Task — Would you please repeat, word for word, only the lines from the one holding "54例患者基本资料见表2,患" through the one holding "Tmavosivá pletená čapica" in the material below, without the pictures?

Record extracts —

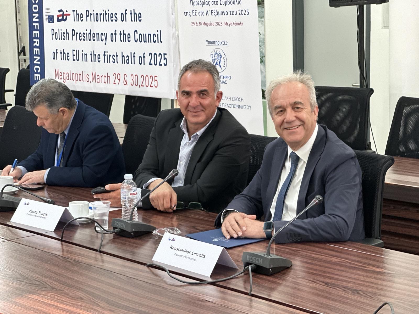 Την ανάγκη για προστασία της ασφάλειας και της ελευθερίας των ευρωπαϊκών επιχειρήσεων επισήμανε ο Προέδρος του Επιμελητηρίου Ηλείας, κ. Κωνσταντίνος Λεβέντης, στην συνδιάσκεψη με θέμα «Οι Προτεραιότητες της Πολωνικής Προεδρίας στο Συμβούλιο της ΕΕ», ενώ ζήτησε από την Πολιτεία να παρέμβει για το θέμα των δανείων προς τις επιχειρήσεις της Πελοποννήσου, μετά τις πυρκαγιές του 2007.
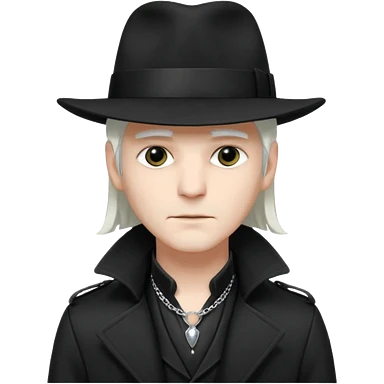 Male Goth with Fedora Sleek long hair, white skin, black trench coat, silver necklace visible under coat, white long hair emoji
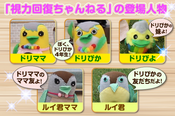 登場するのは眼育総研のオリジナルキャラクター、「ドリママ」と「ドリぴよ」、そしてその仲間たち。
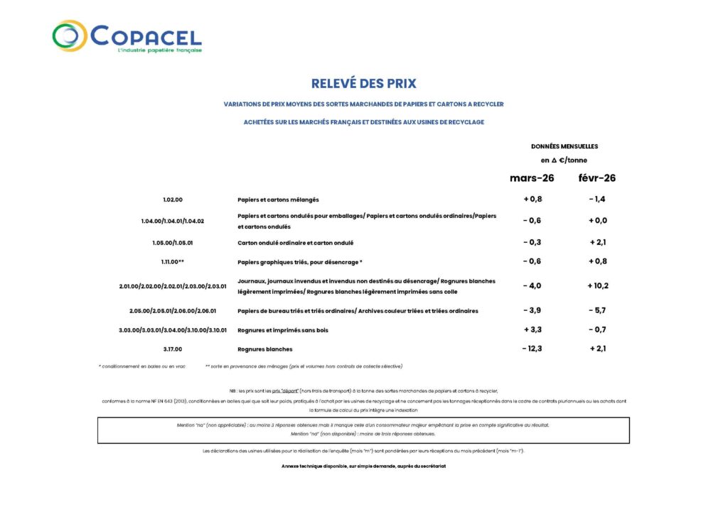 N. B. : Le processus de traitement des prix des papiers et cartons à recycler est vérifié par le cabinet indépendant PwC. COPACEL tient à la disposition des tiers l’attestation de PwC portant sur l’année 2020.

--

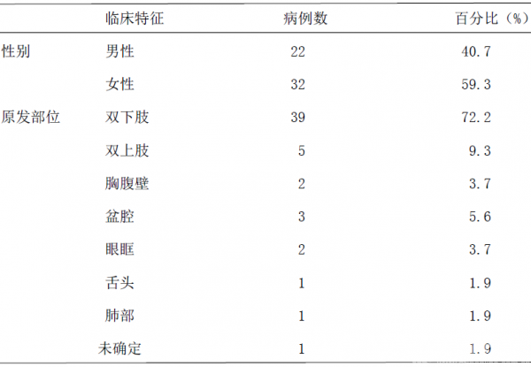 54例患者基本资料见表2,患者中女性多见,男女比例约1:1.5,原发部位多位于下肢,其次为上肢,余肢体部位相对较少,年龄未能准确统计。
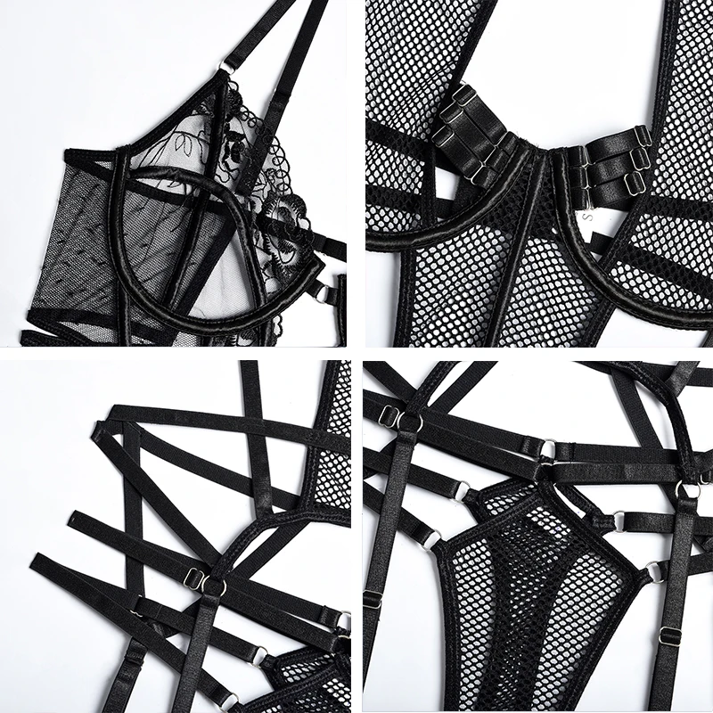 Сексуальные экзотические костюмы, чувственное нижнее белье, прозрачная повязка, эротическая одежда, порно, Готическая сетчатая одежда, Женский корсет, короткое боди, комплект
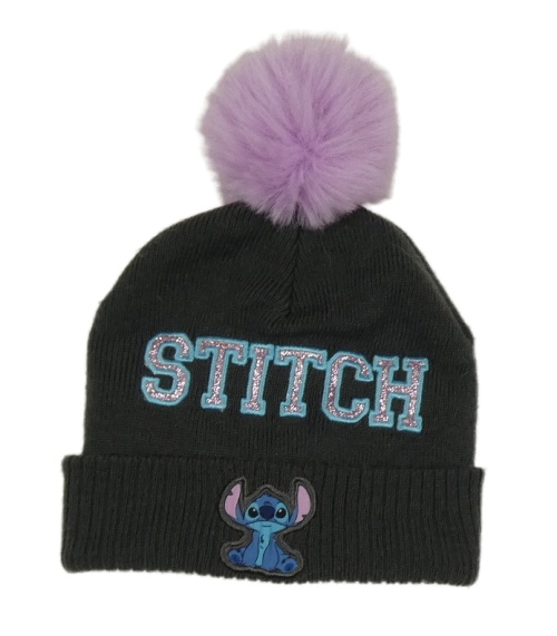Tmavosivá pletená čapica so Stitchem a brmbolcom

Problem solution —
 54例患者基本资料见表2,患者中女性多见,男女比例约1:1.5,原发部位多位于下肢,其次为上肢,余肢体部位相对较少,年龄未能准确统计。
 Сексуальные экзотические костюмы, чувственное нижнее белье, прозрачная повязка, эротическая одежда, порно, Готическая сетчатая одежда, Женский корсет, короткое боди, комплект
Tmavosivá pletená čapica so Stitchem a brmbolcom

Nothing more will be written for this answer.